* RECORDS SHOWN:

┌──

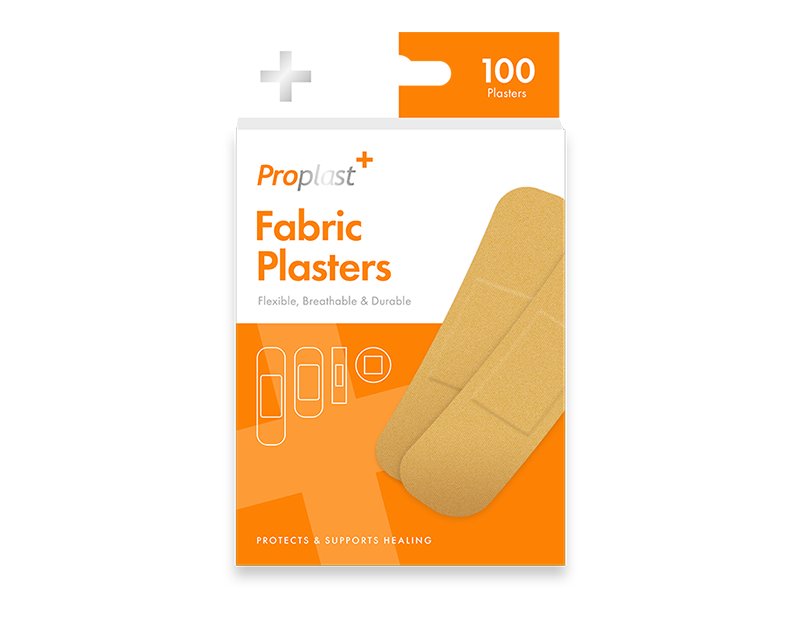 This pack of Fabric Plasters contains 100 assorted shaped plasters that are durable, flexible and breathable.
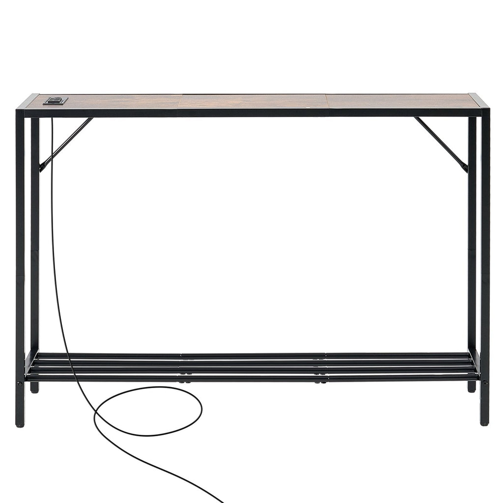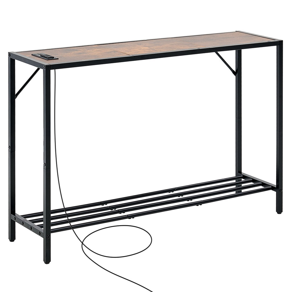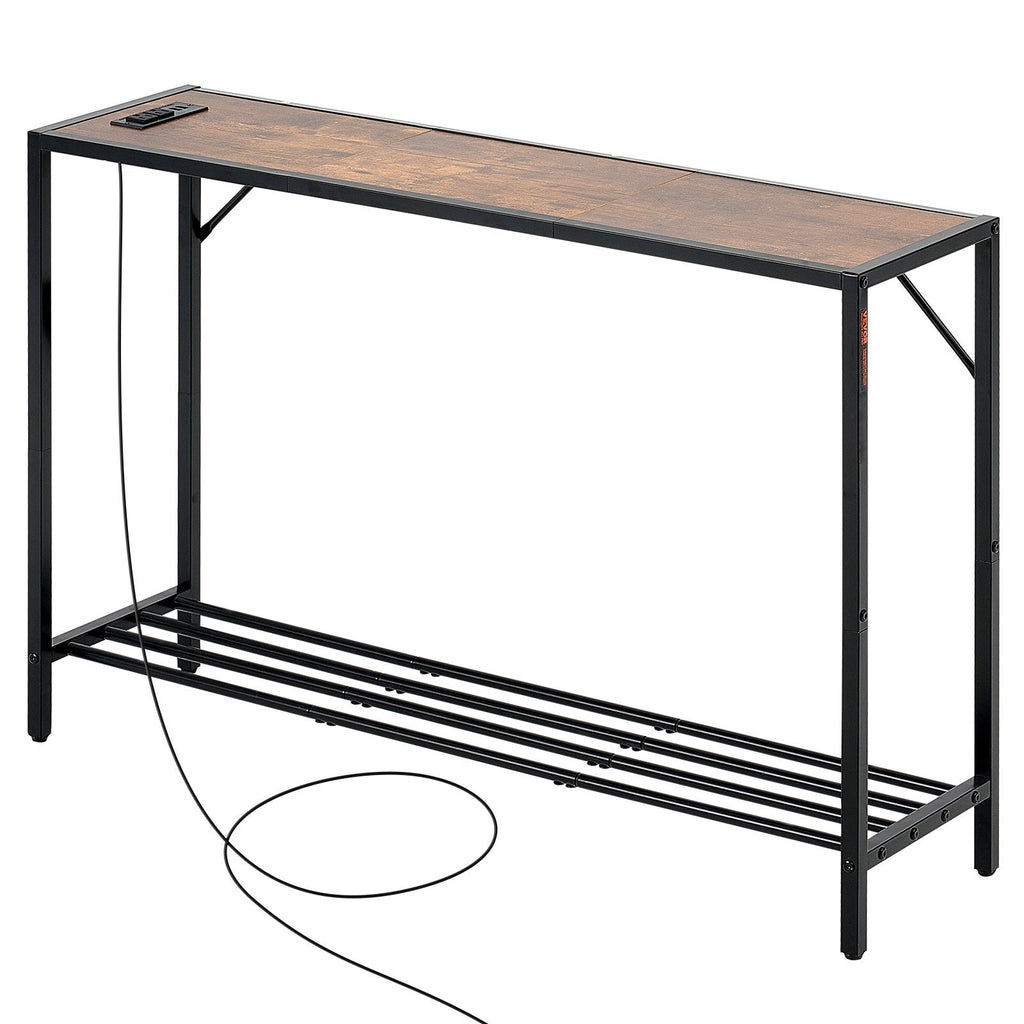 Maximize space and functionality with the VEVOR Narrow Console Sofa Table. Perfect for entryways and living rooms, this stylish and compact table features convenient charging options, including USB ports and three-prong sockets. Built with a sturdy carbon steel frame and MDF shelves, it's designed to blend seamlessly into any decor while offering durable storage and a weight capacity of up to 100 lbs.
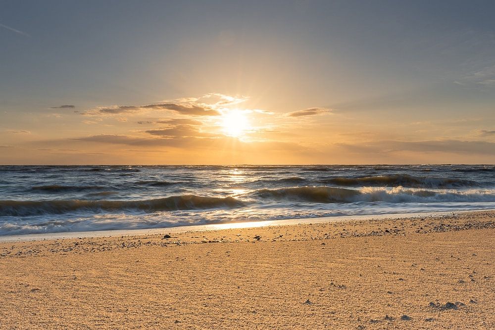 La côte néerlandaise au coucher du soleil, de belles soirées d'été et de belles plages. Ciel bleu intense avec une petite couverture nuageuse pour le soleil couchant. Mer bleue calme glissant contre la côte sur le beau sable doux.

└──
┌──

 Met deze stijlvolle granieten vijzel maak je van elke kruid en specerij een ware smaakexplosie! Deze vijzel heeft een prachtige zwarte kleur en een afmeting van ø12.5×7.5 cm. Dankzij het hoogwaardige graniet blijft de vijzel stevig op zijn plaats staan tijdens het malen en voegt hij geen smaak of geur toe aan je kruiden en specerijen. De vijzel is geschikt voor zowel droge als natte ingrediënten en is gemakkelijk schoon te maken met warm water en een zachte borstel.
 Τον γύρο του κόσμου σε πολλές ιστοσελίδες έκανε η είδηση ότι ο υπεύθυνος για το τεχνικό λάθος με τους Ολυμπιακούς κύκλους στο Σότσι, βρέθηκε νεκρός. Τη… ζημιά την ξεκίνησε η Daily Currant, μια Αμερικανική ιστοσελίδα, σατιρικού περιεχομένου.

└──
┌──

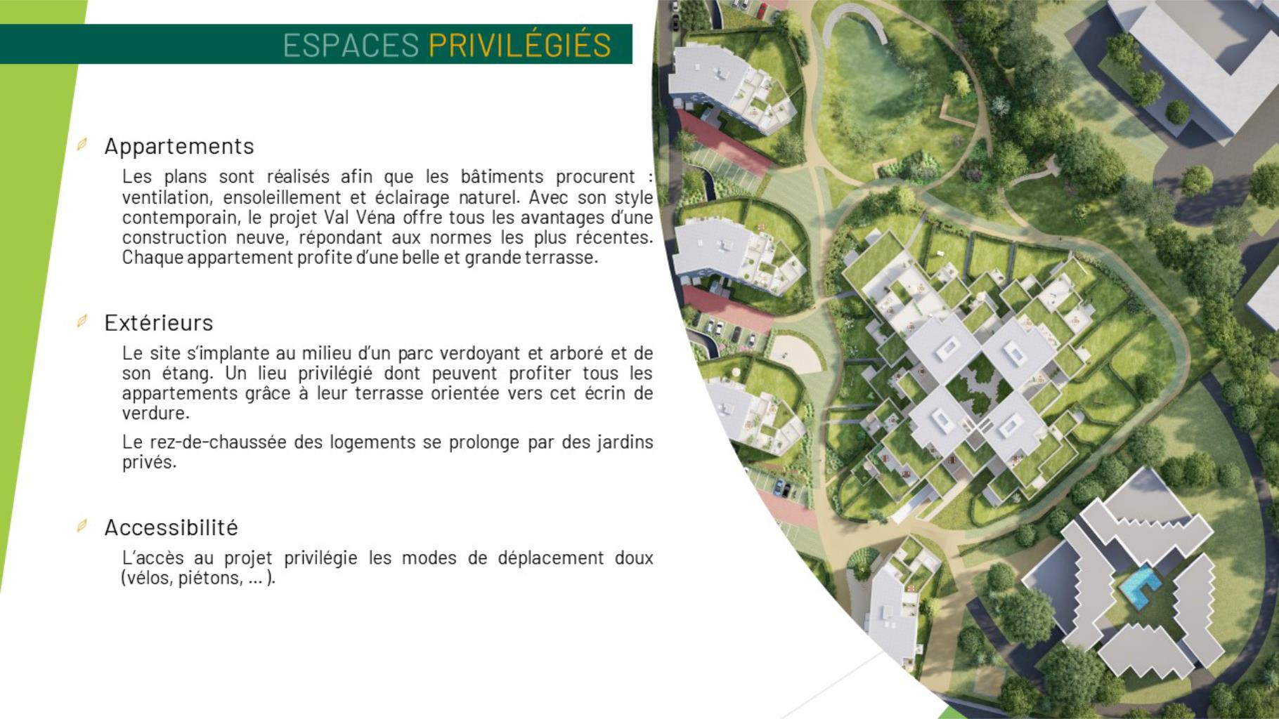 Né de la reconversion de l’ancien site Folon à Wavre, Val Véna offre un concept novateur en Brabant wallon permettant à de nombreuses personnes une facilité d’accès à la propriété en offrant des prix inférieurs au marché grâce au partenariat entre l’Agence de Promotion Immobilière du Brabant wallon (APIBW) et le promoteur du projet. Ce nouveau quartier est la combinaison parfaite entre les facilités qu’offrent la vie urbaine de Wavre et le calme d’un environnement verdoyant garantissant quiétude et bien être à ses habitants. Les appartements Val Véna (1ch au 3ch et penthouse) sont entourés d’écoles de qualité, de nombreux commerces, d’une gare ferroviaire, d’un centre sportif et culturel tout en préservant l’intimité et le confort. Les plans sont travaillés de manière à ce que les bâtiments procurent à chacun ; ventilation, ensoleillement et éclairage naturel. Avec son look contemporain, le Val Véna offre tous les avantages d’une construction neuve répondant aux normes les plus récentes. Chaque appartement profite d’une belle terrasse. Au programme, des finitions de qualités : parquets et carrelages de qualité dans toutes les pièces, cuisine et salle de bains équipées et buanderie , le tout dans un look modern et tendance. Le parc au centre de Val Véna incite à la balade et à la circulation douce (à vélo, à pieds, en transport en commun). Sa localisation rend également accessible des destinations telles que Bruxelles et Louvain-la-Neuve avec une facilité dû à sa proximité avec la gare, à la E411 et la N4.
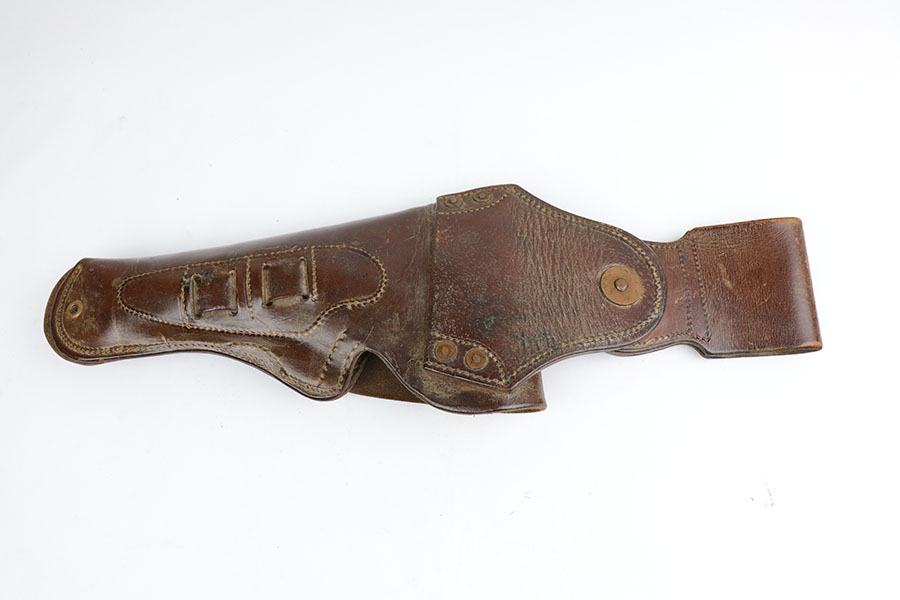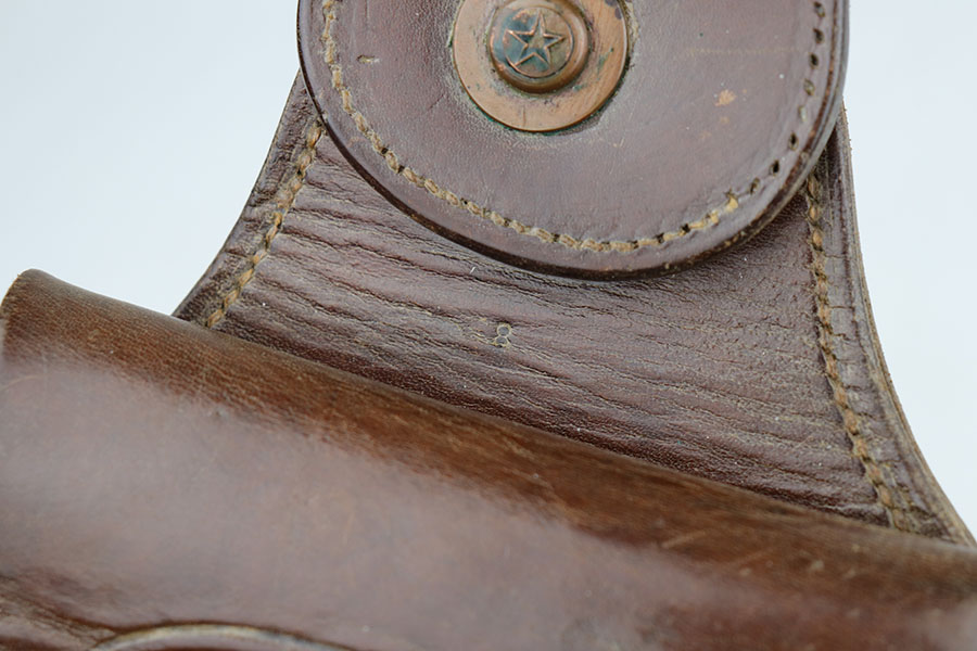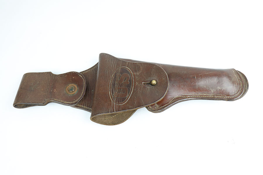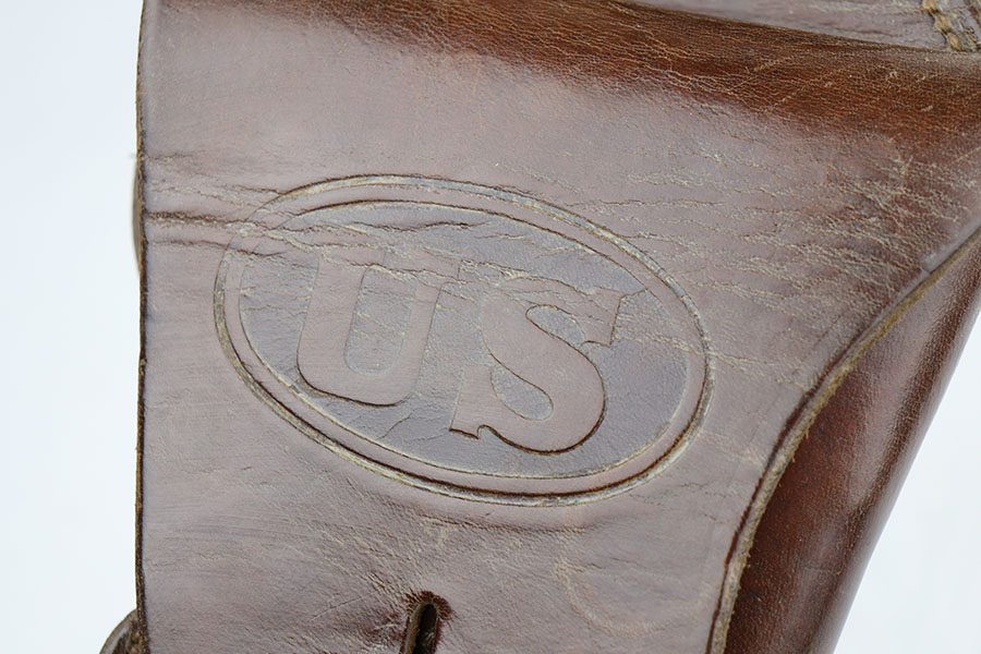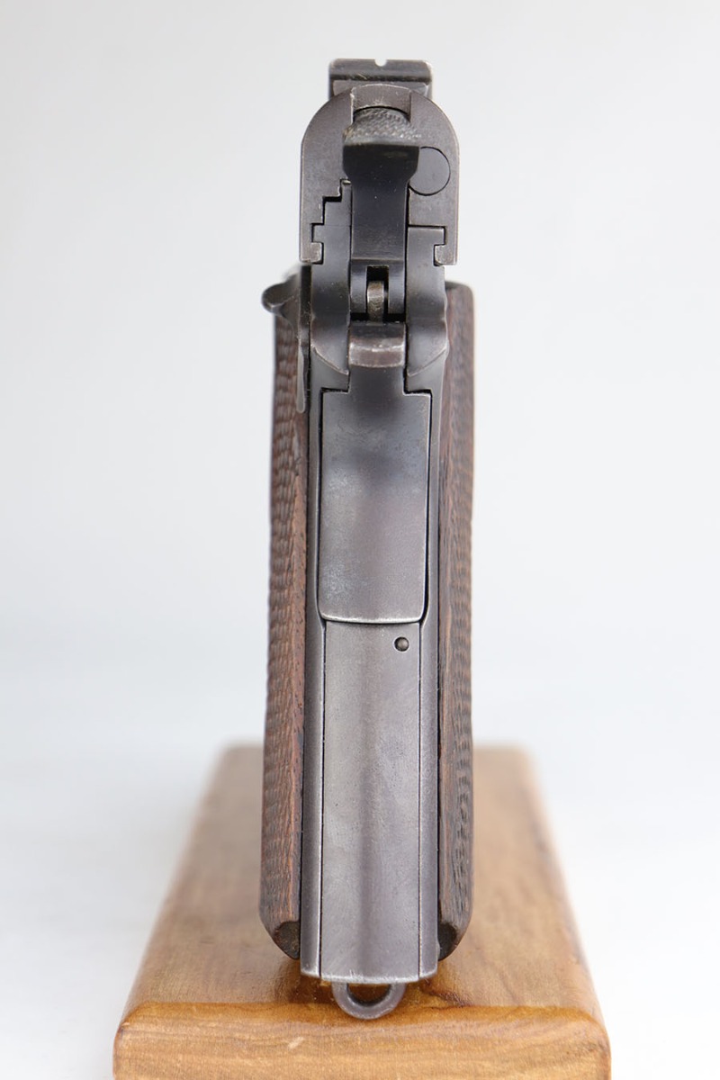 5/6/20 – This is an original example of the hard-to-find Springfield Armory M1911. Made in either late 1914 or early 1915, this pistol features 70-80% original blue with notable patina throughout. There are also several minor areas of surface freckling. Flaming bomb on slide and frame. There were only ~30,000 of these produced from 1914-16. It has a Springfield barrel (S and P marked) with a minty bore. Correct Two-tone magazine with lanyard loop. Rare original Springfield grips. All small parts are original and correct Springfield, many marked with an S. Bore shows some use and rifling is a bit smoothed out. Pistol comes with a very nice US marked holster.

└──

* TASK STATEMENT:
When copying from the data above, begin at the line containing "This pack of" and end at the line containing "La côte néerlandaise"; return those lines exactly and leave all pictures behind.

* ANSWER AREA:
 This pack of Fabric Plasters contains 100 assorted shaped plasters that are durable, flexible and breathable.
 Maximize space and functionality with the VEVOR Narrow Console Sofa Table. Perfect for entryways and living rooms, this stylish and compact table features convenient charging options, including USB ports and three-prong sockets. Built with a sturdy carbon steel frame and MDF shelves, it's designed to blend seamlessly into any decor while offering durable storage and a weight capacity of up to 100 lbs.
 La côte néerlandaise au coucher du soleil, de belles soirées d'été et de belles plages. Ciel bleu intense avec une petite couverture nuageuse pour le soleil couchant. Mer bleue calme glissant contre la côte sur le beau sable doux.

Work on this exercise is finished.